══ Dataset

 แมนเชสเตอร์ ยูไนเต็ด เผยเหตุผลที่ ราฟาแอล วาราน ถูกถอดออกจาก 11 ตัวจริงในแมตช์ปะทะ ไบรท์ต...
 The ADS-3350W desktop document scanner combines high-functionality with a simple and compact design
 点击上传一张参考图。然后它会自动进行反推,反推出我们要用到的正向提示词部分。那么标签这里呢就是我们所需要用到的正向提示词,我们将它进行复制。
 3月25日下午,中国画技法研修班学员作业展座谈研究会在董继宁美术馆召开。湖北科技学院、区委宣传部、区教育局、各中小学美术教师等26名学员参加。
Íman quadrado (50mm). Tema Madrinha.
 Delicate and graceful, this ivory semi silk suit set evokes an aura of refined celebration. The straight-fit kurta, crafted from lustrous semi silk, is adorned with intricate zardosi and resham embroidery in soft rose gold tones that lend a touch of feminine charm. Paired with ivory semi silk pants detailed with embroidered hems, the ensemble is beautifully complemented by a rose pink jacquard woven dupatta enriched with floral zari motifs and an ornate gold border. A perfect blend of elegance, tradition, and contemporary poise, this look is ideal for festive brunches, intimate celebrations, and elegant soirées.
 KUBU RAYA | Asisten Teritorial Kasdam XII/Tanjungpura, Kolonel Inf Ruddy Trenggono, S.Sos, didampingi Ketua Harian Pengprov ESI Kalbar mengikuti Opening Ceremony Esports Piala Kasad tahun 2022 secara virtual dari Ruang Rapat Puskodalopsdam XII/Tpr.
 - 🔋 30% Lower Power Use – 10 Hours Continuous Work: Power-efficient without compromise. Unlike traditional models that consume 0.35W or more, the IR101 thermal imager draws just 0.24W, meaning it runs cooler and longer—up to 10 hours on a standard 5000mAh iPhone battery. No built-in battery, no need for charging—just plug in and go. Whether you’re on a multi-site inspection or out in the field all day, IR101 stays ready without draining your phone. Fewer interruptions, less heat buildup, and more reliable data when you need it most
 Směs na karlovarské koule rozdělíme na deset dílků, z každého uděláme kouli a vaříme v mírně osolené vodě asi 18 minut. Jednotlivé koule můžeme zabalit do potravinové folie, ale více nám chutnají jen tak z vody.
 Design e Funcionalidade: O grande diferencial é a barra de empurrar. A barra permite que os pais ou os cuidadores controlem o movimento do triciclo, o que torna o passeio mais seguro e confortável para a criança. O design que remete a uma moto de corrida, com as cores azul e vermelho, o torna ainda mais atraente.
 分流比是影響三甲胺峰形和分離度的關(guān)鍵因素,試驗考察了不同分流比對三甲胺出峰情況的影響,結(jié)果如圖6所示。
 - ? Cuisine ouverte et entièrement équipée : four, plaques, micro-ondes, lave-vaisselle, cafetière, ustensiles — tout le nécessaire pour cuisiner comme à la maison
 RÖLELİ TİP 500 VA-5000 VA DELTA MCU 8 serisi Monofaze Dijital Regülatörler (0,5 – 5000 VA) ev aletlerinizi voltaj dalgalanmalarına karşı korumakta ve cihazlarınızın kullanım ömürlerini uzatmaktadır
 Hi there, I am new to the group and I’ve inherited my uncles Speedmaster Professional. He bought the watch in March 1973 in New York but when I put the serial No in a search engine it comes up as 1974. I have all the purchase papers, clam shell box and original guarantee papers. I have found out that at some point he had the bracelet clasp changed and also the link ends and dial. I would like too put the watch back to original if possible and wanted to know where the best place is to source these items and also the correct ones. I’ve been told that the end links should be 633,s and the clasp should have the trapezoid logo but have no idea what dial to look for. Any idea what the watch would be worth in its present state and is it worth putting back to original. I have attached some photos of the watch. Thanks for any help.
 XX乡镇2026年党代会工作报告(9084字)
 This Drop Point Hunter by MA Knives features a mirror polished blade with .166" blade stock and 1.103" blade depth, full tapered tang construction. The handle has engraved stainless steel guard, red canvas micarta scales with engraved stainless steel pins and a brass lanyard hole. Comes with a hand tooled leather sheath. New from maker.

════

● **Task details**: Your task is to reproduce all the records above exactly as they appear.

● **Answer space**:
 แมนเชสเตอร์ ยูไนเต็ด เผยเหตุผลที่ ราฟาแอล วาราน ถูกถอดออกจาก 11 ตัวจริงในแมตช์ปะทะ ไบรท์ต...
 The ADS-3350W desktop document scanner combines high-functionality with a simple and compact design
 点击上传一张参考图。然后它会自动进行反推,反推出我们要用到的正向提示词部分。那么标签这里呢就是我们所需要用到的正向提示词,我们将它进行复制。
 3月25日下午,中国画技法研修班学员作业展座谈研究会在董继宁美术馆召开。湖北科技学院、区委宣传部、区教育局、各中小学美术教师等26名学员参加。
Íman quadrado (50mm). Tema Madrinha.
 Delicate and graceful, this ivory semi silk suit set evokes an aura of refined celebration. The straight-fit kurta, crafted from lustrous semi silk, is adorned with intricate zardosi and resham embroidery in soft rose gold tones that lend a touch of feminine charm. Paired with ivory semi silk pants detailed with embroidered hems, the ensemble is beautifully complemented by a rose pink jacquard woven dupatta enriched with floral zari motifs and an ornate gold border. A perfect blend of elegance, tradition, and contemporary poise, this look is ideal for festive brunches, intimate celebrations, and elegant soirées.
 KUBU RAYA | Asisten Teritorial Kasdam XII/Tanjungpura, Kolonel Inf Ruddy Trenggono, S.Sos, didampingi Ketua Harian Pengprov ESI Kalbar mengikuti Opening Ceremony Esports Piala Kasad tahun 2022 secara virtual dari Ruang Rapat Puskodalopsdam XII/Tpr.
 - 🔋 30% Lower Power Use – 10 Hours Continuous Work: Power-efficient without compromise. Unlike traditional models that consume 0.35W or more, the IR101 thermal imager draws just 0.24W, meaning it runs cooler and longer—up to 10 hours on a standard 5000mAh iPhone battery. No built-in battery, no need for charging—just plug in and go. Whether you’re on a multi-site inspection or out in the field all day, IR101 stays ready without draining your phone. Fewer interruptions, less heat buildup, and more reliable data when you need it most
 Směs na karlovarské koule rozdělíme na deset dílků, z každého uděláme kouli a vaříme v mírně osolené vodě asi 18 minut. Jednotlivé koule můžeme zabalit do potravinové folie, ale více nám chutnají jen tak z vody.
 Design e Funcionalidade: O grande diferencial é a barra de empurrar. A barra permite que os pais ou os cuidadores controlem o movimento do triciclo, o que torna o passeio mais seguro e confortável para a criança. O design que remete a uma moto de corrida, com as cores azul e vermelho, o torna ainda mais atraente.
 分流比是影響三甲胺峰形和分離度的關(guān)鍵因素,試驗考察了不同分流比對三甲胺出峰情況的影響,結(jié)果如圖6所示。
 - ? Cuisine ouverte et entièrement équipée : four, plaques, micro-ondes, lave-vaisselle, cafetière, ustensiles — tout le nécessaire pour cuisiner comme à la maison
 RÖLELİ TİP 500 VA-5000 VA DELTA MCU 8 serisi Monofaze Dijital Regülatörler (0,5 – 5000 VA) ev aletlerinizi voltaj dalgalanmalarına karşı korumakta ve cihazlarınızın kullanım ömürlerini uzatmaktadır
 Hi there, I am new to the group and I’ve inherited my uncles Speedmaster Professional. He bought the watch in March 1973 in New York but when I put the serial No in a search engine it comes up as 1974. I have all the purchase papers, clam shell box and original guarantee papers. I have found out that at some point he had the bracelet clasp changed and also the link ends and dial. I would like too put the watch back to original if possible and wanted to know where the best place is to source these items and also the correct ones. I’ve been told that the end links should be 633,s and the clasp should have the trapezoid logo but have no idea what dial to look for. Any idea what the watch would be worth in its present state and is it worth putting back to original. I have attached some photos of the watch. Thanks for any help.
 XX乡镇2026年党代会工作报告(9084字)
 This Drop Point Hunter by MA Knives features a mirror polished blade with .166" blade stock and 1.103" blade depth, full tapered tang construction. The handle has engraved stainless steel guard, red canvas micarta scales with engraved stainless steel pins and a brass lanyard hole. Comes with a hand tooled leather sheath. New from maker.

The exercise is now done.